United as a nation 

Kerlyssa de VerteuilKerlyssa de Verteuil 

By Leela Ramdeen, Chair, CCSJ & Director, CREDI 

CCSJ shares with you 15-year-old Kerlyssa de Verteuil’s second prize poem at CCSJ’s & the Catholic Youth Commission’s Spoken Word Competition on October 2, on the theme for Justice, Peace, and Community Week: The dignity of workInter alia, she urges us to “unite as a nation”, and to “break the chains that strip us of our dignity; that corrupts our society”. 

I am in London and once again family and friends of Trinidadian origin are concerned about what we are doing to build “community” in T&T. Many are concerned that in the lead up to the local government election (December 2), they are not hearing enough about plans by the various political parties to improve the quality of life of ALL citizens. 
They hope that parties and their followers will focus on policy-oriented issues rather than constantly making statements that can inflame passions, and further divide members of our multi-ethnic society. 

Has much changed since Ralph R Premdas’ 1996 sentiments outlined in his ‘Working Paper 224 on Ethnicity and Elections in the Caribbean’—with a focus on T&T? He said: “Elections elicit fearsome primordial responses and are deeply divisive affairs. In a communally divided society lacking shared beliefs, all political structures, however neutrally designed, tend to be tainted and imbued with suspect ethnic motifs and interests…In the give and take of the electoral campaign, negative ethnic stereotypes are often invoked and manipulated for votes. Consequently, intersectional animosity and distrust rise to new levels at elections time.” 
He continued, “After the elections are over, the ethnic distrust that was cultivated does not disappear but is retained as a residue on which new fears are built…Elections have served not as a mechanism to weld a diverse people together but to signal a struggle for ethnic assertion and superiority. In part, this evolved not so much out of a conspiracy by ethnic chauvinists but from the fact of interethnic fear of domination by another communal section.” 
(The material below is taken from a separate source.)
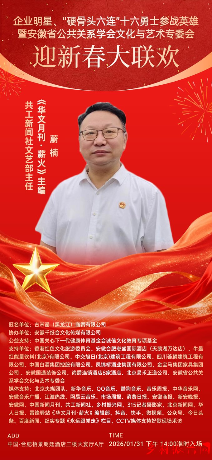 1月31日,由安徽省公共關系學會文化藝術專委會聯合“企業明星”“硬骨頭六連”“16參戰英雄”代表共同舉辦的“迎新春大聯歡”活動,将在合肥溫情啓幕。共工新聞社文藝部主任、《華文月刊》“薪火”特刊主編蔚楠應邀作爲特邀嘉賓出席,與軍旅英模、企業代表及文化界人士共聚一堂,共話文化傳承、共叙家國情懷,爲這場融合紅色精神、企業活力與藝術魅力的新春盛會注入深厚的人文溫度。

Kerlyssa’s spoken word highlights some of the issues to be addressed. 

The Work World 

Kerlyssa De Verteuil, St Joseph’s Convent, St Joseph 

Parish of St Francis of Assisi, Sangre Grande 

The housewife, the heart of the home 

While the husband goes to reap what he sows 

The woman in the past was seen as a fragile submissive woman who was made to stay at home 

And the man was seen as the breadwinner of the abode 

In postcolonial times the way in which they worked 

Was that the man did the labour in the fields and the woman stayed home and cooked. 
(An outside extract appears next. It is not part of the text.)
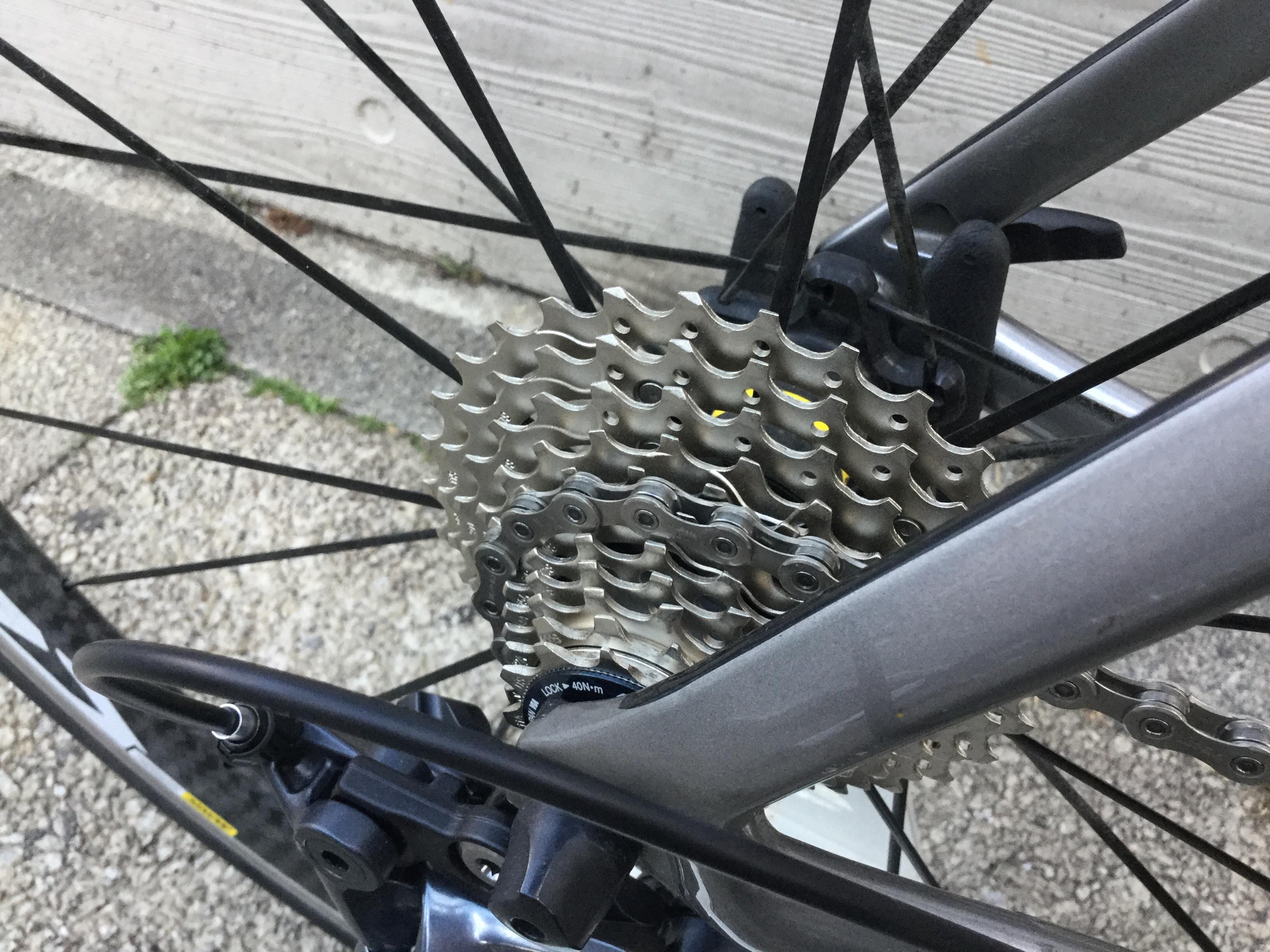 コースによってはリアのギアだけで対応できるので、フロントシングルは軽さを求めるのと同時に変速動作のシンプル化にもつながります。

The dignity of work was seen in jobs with the suit and the tie 

Not in the type that made people try and try to the point where they wanted to cry. 

Those were back in the days; things would never stay the same but apart from technology have we really changed in any way? 

The unemployment rate increased, and the employment rate decreased but that’s okay? 

The underemployed still have no place to work even if they are better workers than the rest. 

The men are still seen as being superior to the women, the women are still being paid less, not the best, but does that make sense? 

Sexual harassment shape shifts and transforms itself so that it always finds a place in our work world. 

It watches people everywhere they go and leaves no one out in the cold. 

It haunts you at work and then makes advances into your home 

It treats you as an object with a colour and not as a scholar with a power and it will just trample you like a flower. 

The question in my mind right now is what will the future unfold? 

Dignity of work they say but some people are still looking and searching for that dignity in this world. 

Dignity of work shouldn’t be based on the social hierarchy or the tyranny of our society 

But rather on how we present ourselves and respect ourselves to earn our dignity. 

We as a country need to pray to change our ways so things wouldn’t stay the same 

To unite as a nation that will no longer be silent or violent since this workplace doesn’t make you feel safe in any way. 

We need to pray to break the chains that strip us of our dignity; that corrupts our society 

We need to change history, make new memories and truly earn our work dignity.